• **PROBLEM**
Omit all pictures. Quote only the lines from the one with "当園の園長はツキノワグマのベ" through the end of the material below.

##### SUPPLIED INFORMATION #####

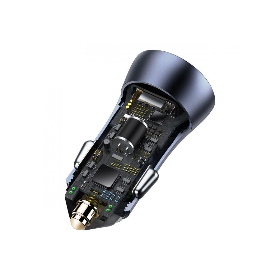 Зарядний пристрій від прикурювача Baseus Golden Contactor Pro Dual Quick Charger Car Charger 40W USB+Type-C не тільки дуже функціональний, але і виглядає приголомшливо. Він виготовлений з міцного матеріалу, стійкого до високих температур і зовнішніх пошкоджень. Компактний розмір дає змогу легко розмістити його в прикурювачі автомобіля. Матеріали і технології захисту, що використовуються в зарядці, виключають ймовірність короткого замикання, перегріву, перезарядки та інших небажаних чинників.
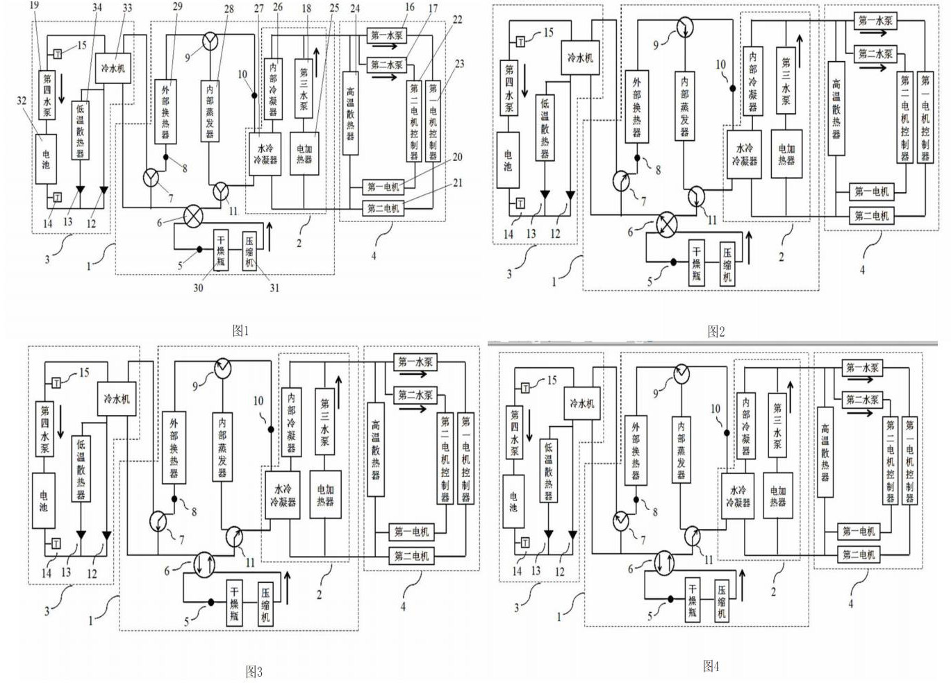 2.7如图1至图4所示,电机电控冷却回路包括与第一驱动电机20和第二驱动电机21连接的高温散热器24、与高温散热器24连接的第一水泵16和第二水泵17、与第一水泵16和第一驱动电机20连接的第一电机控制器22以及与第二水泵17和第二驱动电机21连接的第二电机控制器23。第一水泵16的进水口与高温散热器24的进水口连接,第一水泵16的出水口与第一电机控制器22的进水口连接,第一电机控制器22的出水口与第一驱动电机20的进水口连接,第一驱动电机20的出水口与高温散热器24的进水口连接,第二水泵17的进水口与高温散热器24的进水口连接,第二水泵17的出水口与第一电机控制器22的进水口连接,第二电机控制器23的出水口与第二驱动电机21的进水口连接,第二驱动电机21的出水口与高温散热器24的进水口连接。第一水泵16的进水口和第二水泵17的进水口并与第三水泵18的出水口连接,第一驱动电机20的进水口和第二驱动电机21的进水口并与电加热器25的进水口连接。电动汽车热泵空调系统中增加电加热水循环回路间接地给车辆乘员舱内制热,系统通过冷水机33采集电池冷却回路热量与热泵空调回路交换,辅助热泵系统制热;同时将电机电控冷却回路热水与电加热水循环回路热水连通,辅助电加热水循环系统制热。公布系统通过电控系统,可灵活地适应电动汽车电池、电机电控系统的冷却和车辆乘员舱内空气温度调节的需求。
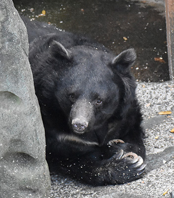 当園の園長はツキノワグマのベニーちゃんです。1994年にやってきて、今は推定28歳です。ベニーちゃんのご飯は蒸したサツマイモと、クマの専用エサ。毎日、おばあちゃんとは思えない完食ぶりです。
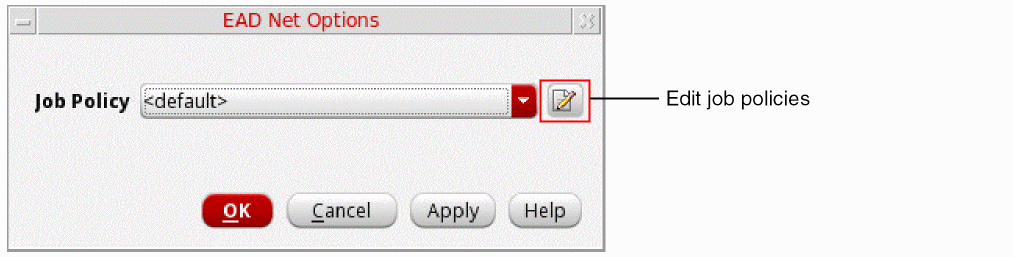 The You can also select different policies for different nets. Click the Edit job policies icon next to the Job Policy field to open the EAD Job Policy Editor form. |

#####

• **SOLUTION FOR THIS TASK**
 当園の園長はツキノワグマのベニーちゃんです。1994年にやってきて、今は推定28歳です。ベニーちゃんのご飯は蒸したサツマイモと、クマの専用エサ。毎日、おばあちゃんとは思えない完食ぶりです。
 The You can also select different policies for different nets. Click the Edit job policies icon next to the Job Policy field to open the EAD Job Policy Editor form. |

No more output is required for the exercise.